▸ INFORMATION

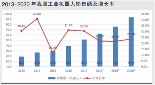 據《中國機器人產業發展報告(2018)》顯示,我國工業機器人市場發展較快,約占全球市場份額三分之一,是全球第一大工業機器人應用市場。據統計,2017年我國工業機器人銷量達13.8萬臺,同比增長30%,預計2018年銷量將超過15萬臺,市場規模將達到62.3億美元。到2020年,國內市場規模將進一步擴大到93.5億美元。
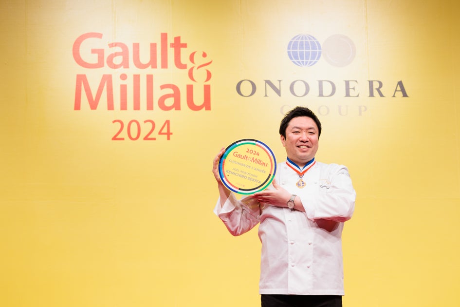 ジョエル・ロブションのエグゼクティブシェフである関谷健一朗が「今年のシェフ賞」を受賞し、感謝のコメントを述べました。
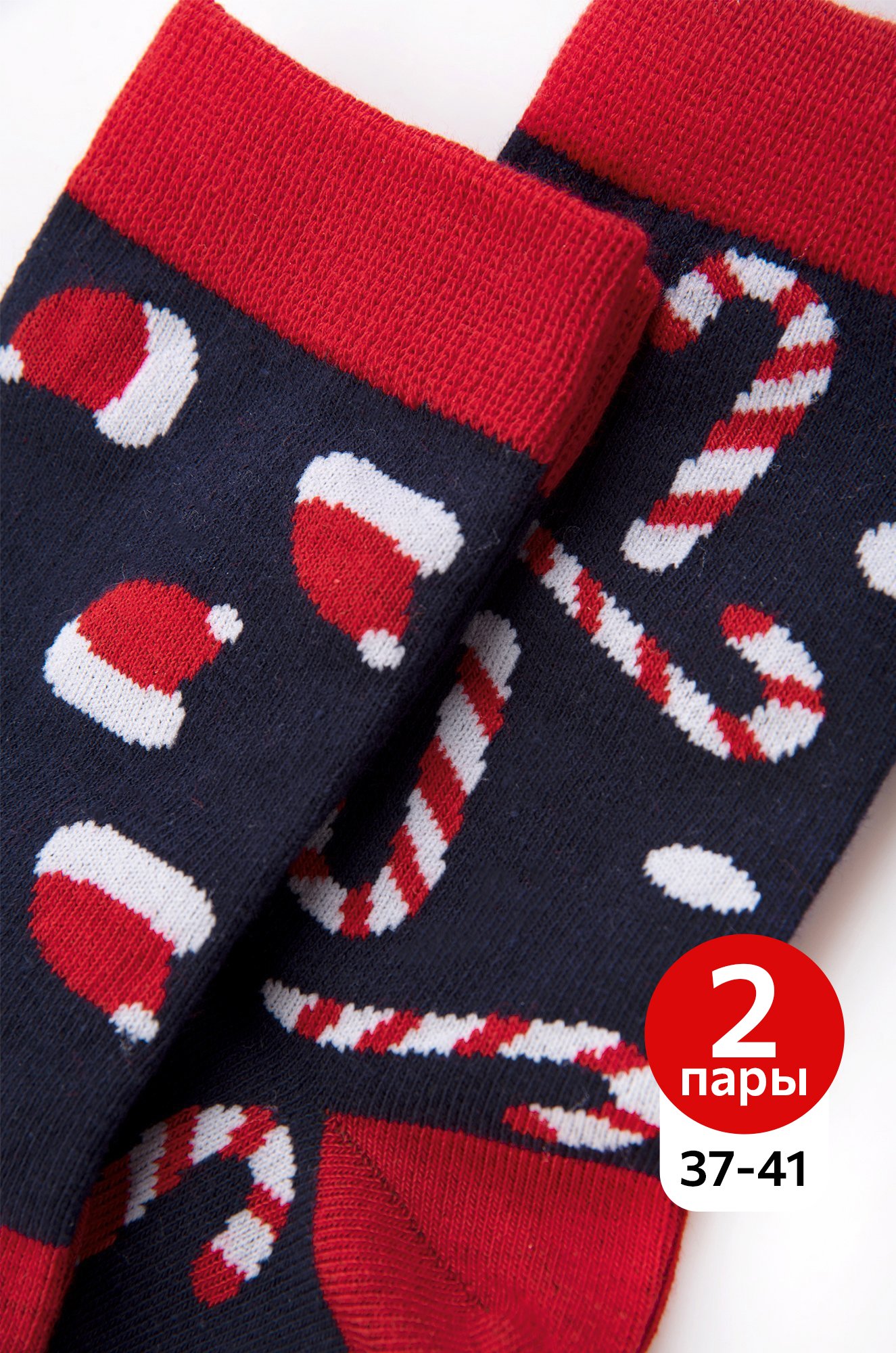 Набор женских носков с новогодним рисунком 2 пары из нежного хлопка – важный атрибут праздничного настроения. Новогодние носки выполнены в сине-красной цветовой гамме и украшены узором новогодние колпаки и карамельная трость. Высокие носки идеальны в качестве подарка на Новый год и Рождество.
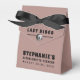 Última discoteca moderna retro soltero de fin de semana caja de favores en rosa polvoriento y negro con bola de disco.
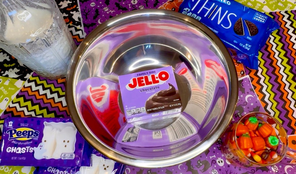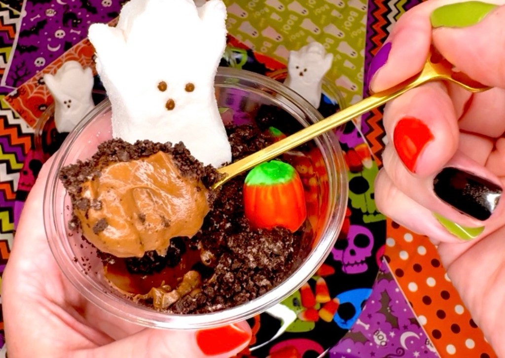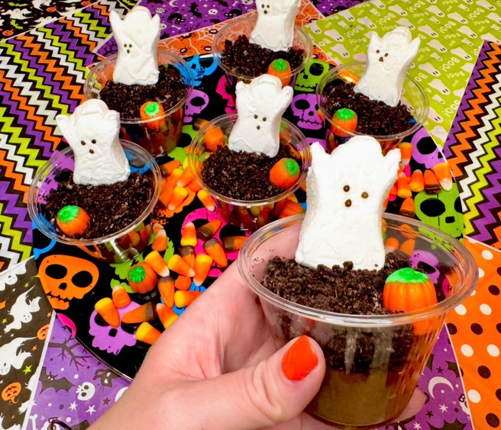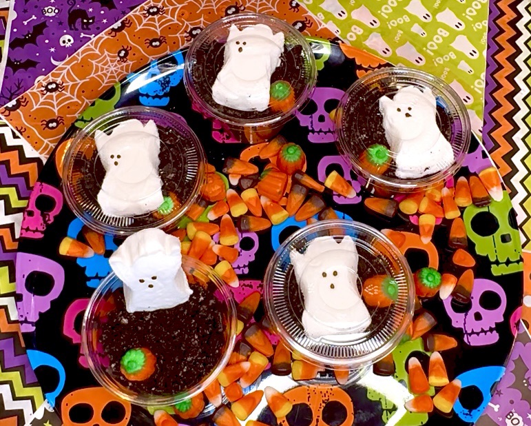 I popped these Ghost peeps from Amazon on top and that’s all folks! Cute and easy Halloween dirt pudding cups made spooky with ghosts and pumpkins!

▸ AIM OF THE TASK
An exact copy of every entry above is needed, with the pictures left out.

▸ OUTPUT OF THE TASK
 據《中國機器人產業發展報告(2018)》顯示,我國工業機器人市場發展較快,約占全球市場份額三分之一,是全球第一大工業機器人應用市場。據統計,2017年我國工業機器人銷量達13.8萬臺,同比增長30%,預計2018年銷量將超過15萬臺,市場規模將達到62.3億美元。到2020年,國內市場規模將進一步擴大到93.5億美元。
 ジョエル・ロブションのエグゼクティブシェフである関谷健一朗が「今年のシェフ賞」を受賞し、感謝のコメントを述べました。
 Набор женских носков с новогодним рисунком 2 пары из нежного хлопка – важный атрибут праздничного настроения. Новогодние носки выполнены в сине-красной цветовой гамме и украшены узором новогодние колпаки и карамельная трость. Высокие носки идеальны в качестве подарка на Новый год и Рождество.
 Última discoteca moderna retro soltero de fin de semana caja de favores en rosa polvoriento y negro con bola de disco.
 I popped these Ghost peeps from Amazon on top and that’s all folks! Cute and easy Halloween dirt pudding cups made spooky with ghosts and pumpkins!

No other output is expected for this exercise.